I adored Tift Merritt’s last studio effort, Another Country, so much that I recently called it one of the best singer-songwriter albums of the last decade. Her album clearly spoke to me with tunes like “Keep You Happy,” “Broken,” and “Hopes Too High,” and it reminded me so much of Neil Young’s Comes a Time, one of my favorite albums of all time. Merritt, in my opinion, had written and recorded a definite keeper, and I played it for anyone who would listen.
So when I heard that she was planning on releasing another album in 2010, you could say I was a bit excited. There is really nothing like hearing new music from one of your favorite artists, and Ms. Merritt’s new tunes are soon to rule my iPod, I’m sure.
Luckily, Tift agreed to talk with Speakers in Code over e-mail about her last album, her upcoming album, North Carolina, and The Spark.
1. Let’s start by talking a little bit about your last studio record, Another Country. You went to Paris for inspiration — how does an experience like that affect your creative vision going forward?
Well, it makes you want to make your world bigger. Or maybe purer is the word. There is something really elemental about running away. You get to fall back in love with the world in a new way. On a practical level, it just made me want to build more time alone for myself to write like that. I really wanted to take what I learned and run with it further, more directly.

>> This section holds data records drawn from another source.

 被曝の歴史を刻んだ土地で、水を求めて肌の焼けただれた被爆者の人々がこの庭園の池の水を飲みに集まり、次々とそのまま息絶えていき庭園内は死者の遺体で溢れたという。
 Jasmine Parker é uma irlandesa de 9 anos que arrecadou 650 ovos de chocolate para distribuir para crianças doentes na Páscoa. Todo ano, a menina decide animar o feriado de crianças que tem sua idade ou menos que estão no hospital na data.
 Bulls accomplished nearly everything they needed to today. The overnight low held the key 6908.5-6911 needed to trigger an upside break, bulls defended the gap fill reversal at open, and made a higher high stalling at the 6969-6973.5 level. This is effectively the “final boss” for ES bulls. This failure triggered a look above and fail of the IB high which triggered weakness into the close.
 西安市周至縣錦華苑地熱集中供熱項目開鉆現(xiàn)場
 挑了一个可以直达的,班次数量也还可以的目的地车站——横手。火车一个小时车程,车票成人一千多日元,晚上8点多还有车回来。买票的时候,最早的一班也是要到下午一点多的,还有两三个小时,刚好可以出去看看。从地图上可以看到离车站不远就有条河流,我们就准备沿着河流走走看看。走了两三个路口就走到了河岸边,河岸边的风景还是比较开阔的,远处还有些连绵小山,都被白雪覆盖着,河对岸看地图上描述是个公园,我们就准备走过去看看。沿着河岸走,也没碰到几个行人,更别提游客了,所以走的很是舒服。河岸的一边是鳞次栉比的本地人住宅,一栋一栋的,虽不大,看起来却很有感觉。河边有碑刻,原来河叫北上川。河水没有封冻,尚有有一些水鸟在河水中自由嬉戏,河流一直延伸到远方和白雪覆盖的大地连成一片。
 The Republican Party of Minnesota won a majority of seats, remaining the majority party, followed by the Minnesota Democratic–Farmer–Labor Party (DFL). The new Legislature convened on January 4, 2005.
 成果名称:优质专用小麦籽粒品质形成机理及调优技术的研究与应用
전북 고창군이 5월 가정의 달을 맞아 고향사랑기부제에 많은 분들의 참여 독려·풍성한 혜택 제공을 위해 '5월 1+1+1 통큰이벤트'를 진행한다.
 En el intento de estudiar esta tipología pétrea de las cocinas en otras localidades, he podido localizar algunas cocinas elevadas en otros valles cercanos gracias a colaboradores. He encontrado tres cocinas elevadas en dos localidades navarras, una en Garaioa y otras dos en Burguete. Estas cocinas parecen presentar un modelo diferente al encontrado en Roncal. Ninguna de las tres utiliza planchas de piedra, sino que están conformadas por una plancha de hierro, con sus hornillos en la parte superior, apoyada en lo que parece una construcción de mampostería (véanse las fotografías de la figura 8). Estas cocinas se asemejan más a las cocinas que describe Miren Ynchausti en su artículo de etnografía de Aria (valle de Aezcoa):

2. I understand that you went home to North Carolina to record your upcoming album. What were the challenges of going back home? What was different about the writing/recording process?
Going home felt just right. The band is there. Our posse is there. We love the studio Overdub Lane, and we’d demoed there so many times that it was just time to make the record there. Tucker Martine came to North Carolina, and we gave him this intense tour of our home turf. I kept finding myself saying, “that’s where I worked, that’s where my mom lives, over there is where we drank a bunch of beers in the rain ,and this place has the best hamburger in the world.” I love North Carolina, but I am always wary to find some intersection between being home while also challenging what we think we know and not getting to comfortable. That Tucker came down and really felt the place, my place, I think it really resonates in the music. He was really willing to reach out to us, and also to challenge us, too.

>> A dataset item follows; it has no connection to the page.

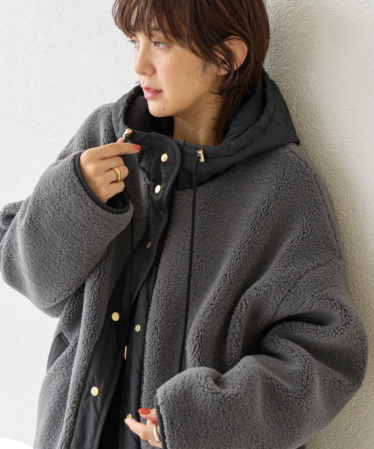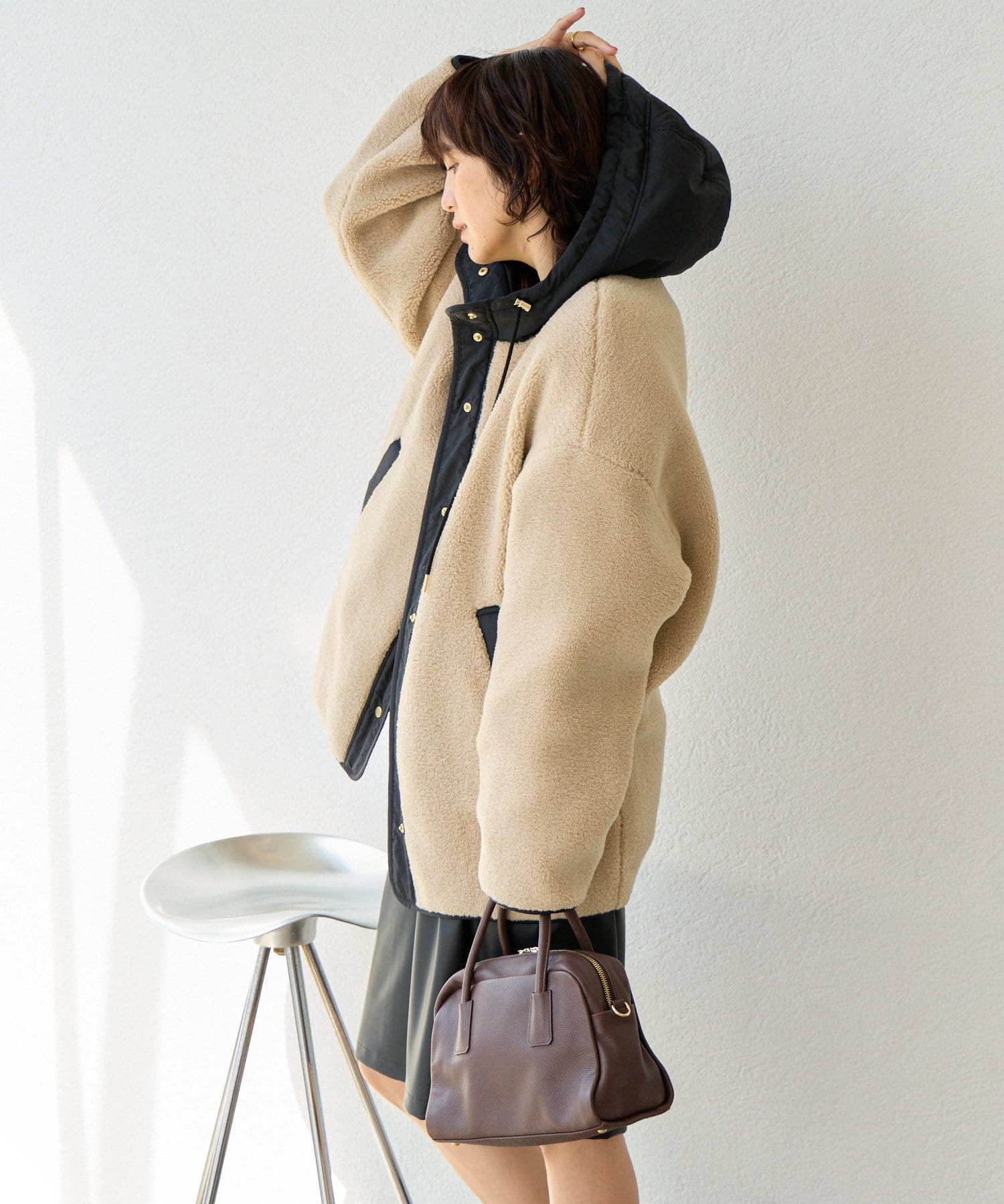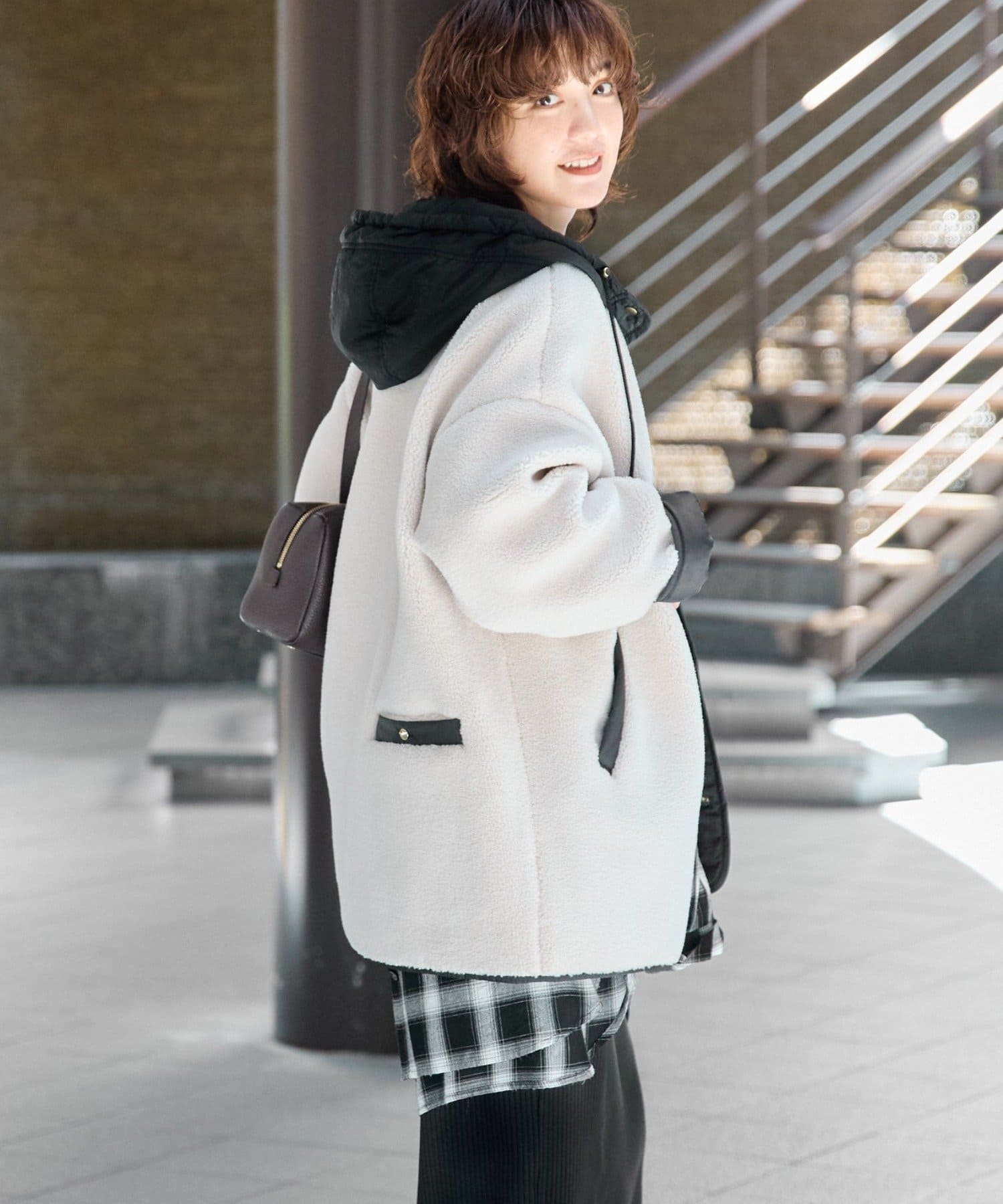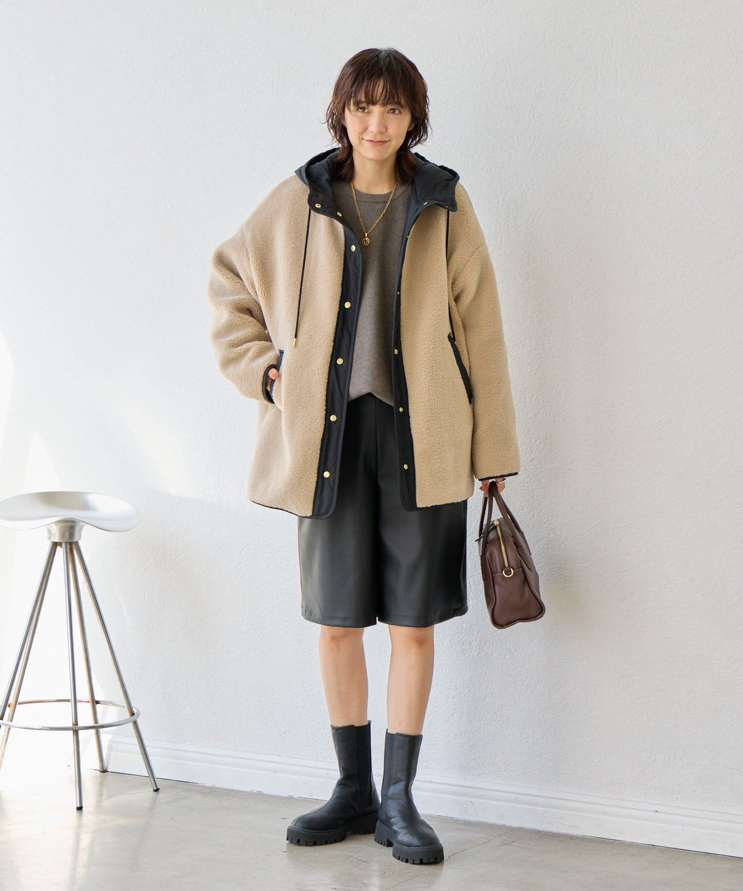 ・丸みのあるフォルムで羽織るだけで様になるボアコート。

At the end of the day, though, when you are in that studio 12 hours a day, you make your own little world wherever you record. You forget where you are until you go out for a beer on the way home or order take out. You don’t think about how someone you know from third grade might actually hear it one day. Which is really important.
3. Tell us a little bit about the new album. What themes are you focusing on this time around?

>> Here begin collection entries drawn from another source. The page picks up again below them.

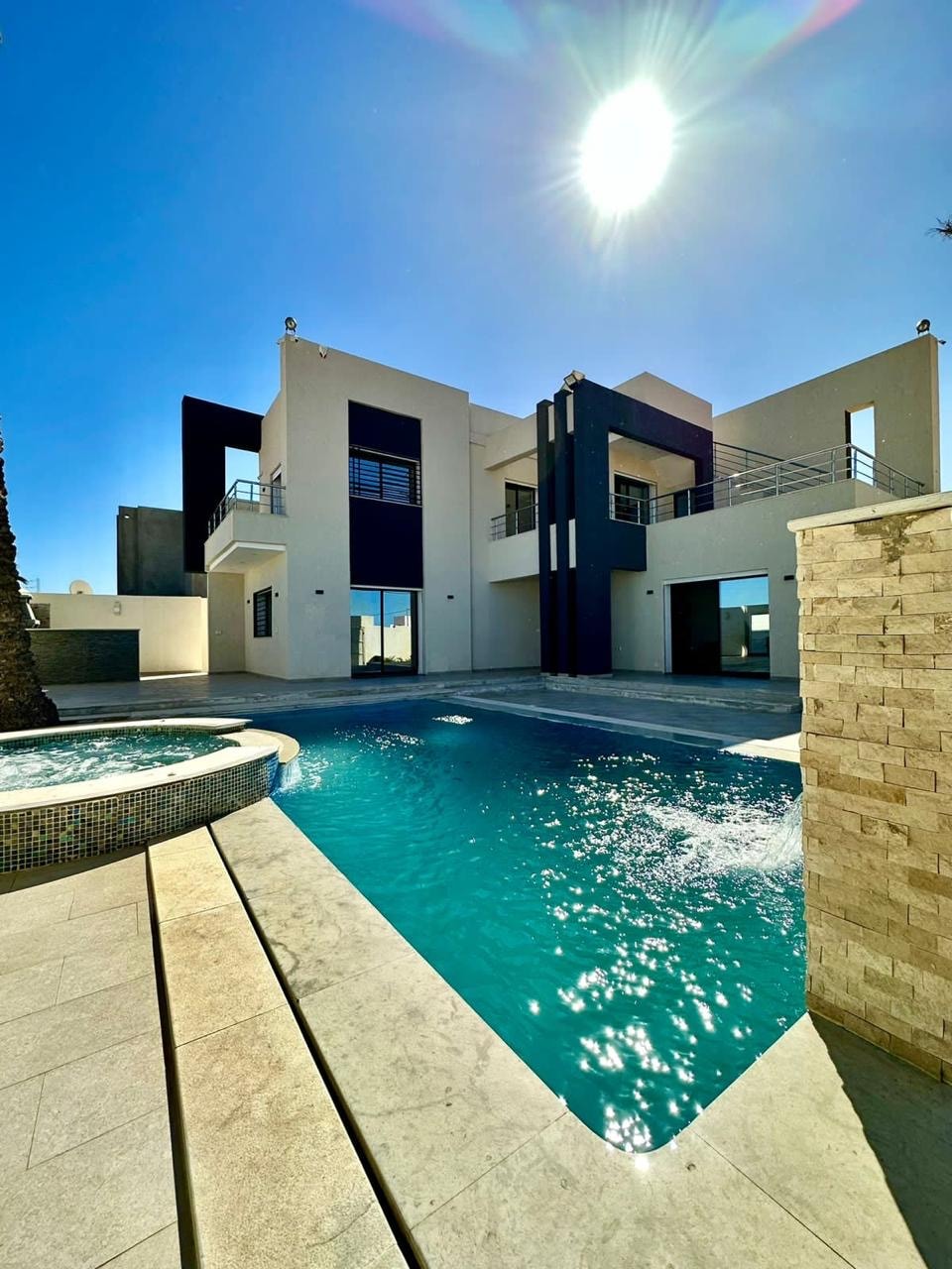Une villa de luxe, sans vis à vis, baignée de lumière. Profitez des 300 jours de soleil par an de l'ïle de Djerba au sein d'une maison spacieuse à seulement 10 minutes de la plage. Cuisine totalement équipée (dont cafetière Nespresso). 3 grandes suites avec salles de douche à l’italienne. Grande piscine avec cascade et jacuzzi intégré, privée et sans vis-à-vis. Le + éco-friendly : la villa est équipée de panneaux solaires garantissant un bilan électrique quasi nul !
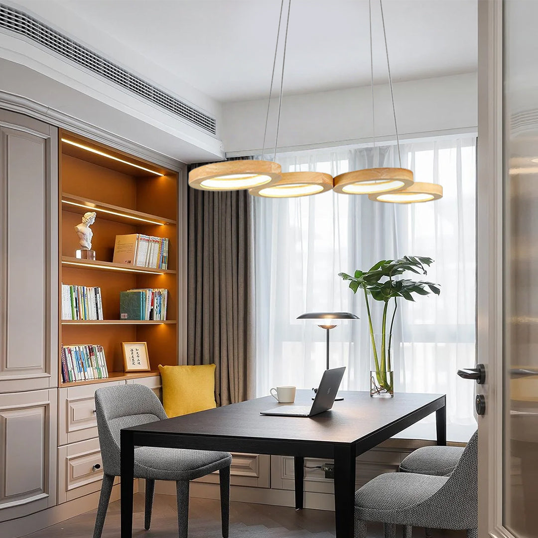 • Bring warmth and modern farmhouse charm into your home with this Rustic 4-Circle Wood LED Chandelier. Its sturdy wooden lamp body and high-transmittance acrylic shades create a balance of durability, rustic elegance, and bright illumination. Perfect for both decorative and functional use, this chandelier elevates any interior with its unique circular frame design. The adjustable suspension makes it adaptable to different ceiling heights, while the integrated LED lighting ensures energy efficiency and long-lasting performance.
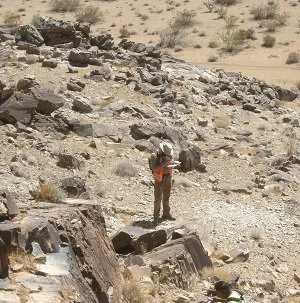 As part of a recent on-call contract with Western Power Administration’s Desert Southwest Region (DSW), Aspen completed more than 20 cultural resources task orders associated with transmission system maintenance activities in Arizona, California and Nevada. These task orders covered a wide range of cultural resources services from pedestrian survey to authoring an historic context covering all DSW facilities including approximately 3,300 miles of transmission lines and 95 substations. During one of the pedestrian surveys, Aspen revisited and re-evaluated 56 cultural resources sites for National Register of Historic Places eligibility along the Blythe–Headgate Rock and Parker–Blythe transmission lines. Most sites were prehistoric in age and ranged from a single trail segment to complex camps with trails, cleared areas, and geoglyphs.
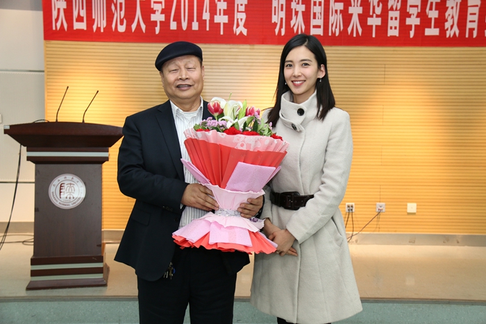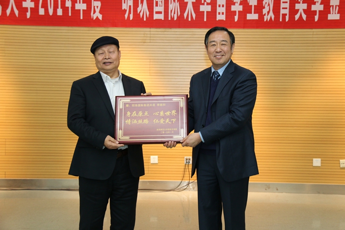 颁发仪式后,学校党委副书记王涛在启夏苑与李继和董事长举行了工作会谈,代表学校再次感谢明珠国际集团对陕西师大留学生教育事业的支持,希望在2015年推动双方的校企合作取得更大成绩。
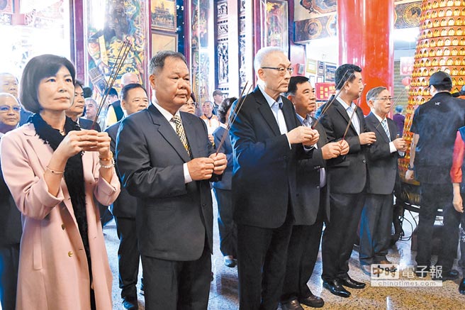 國民黨主席吳敦義(左三)大年初三在家鄉(xiāng)南投縣草屯鎮(zhèn)敦和宮上香,并談及黨內(nèi)初選機(jī)制。(圖片來源:臺灣”中時電子報“)
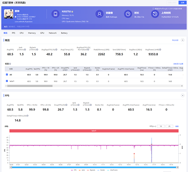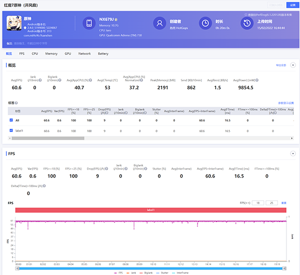 除了跑分以外,熱男游戲部門的專業(yè)人員也測(cè)試了幾款比較有代表性的游戲,先來看看“知名手機(jī)性能測(cè)試軟件”《原神》的表現(xiàn),在最高畫質(zhì)60幀關(guān)閉動(dòng)態(tài)模糊的情況下,紅魔7覺醒模式關(guān)掉風(fēng)扇,20分鐘璃月港夜間跑圖,平均幀率是60.5幀。

I wanted to make a really direct record. With really direct writing. Not like, in-your-face, stand down direct, but just real strength. I didn’t want to angst about making things. I just wanted to follow my gut and make them as strong and immediate as I could.
My grandmother died while I was writing this record, and Zeke and Jay’s grandmothers died, too. All within two weeks of each other. That really became a big part of the record. I was writing while she was dying, and no matter what I was working on, it kept spilling in. This record is a little haunted, I think. It doesn’t wrap up in a neat story quite like running away to Paris, but it is realer for it. We are doing what we do making music the way our gut says. Doing the work we are supposed to do without fanfare. I like that we are just in there getting our hands dirty. And I like that ghosts keep showing up.
4. North Carolina has produced quite a few amazing artists. Who are some of your favorites who have come out of the area?
Nina Simone will always be my favorite North Carolina artist. It really is a wellspring there. So many cool bands and cool stories. Somebody gave me a mixtape when I was twenty or so with all these Chapel Hill bands – Polvo, Metal Flake Mother, Zen Frisbee. It blew my mind. Bowerbirds, the Rosebuds, Superchunk, and Merge for goodness sake. I couldn’t believe it when we started our band and people in a place that cool actually came out.
5. Finally, tell us a little bit about your monthly interview program, The Spark. You’ve had some amazing guests, including Emmylou Harris and Patty Griffin. How have those conversations inspired you?
I always, always learn something from these interviews. It is such a wonderful excuse to really focus on someone else’s work – and then to talk to them in person about it! I am always awed by the humility I find, as well as the practical wisdom. I always come away with a feeling of being so excited to get back to the everyday work of trying to make something small and true. Which is the best feeling I know.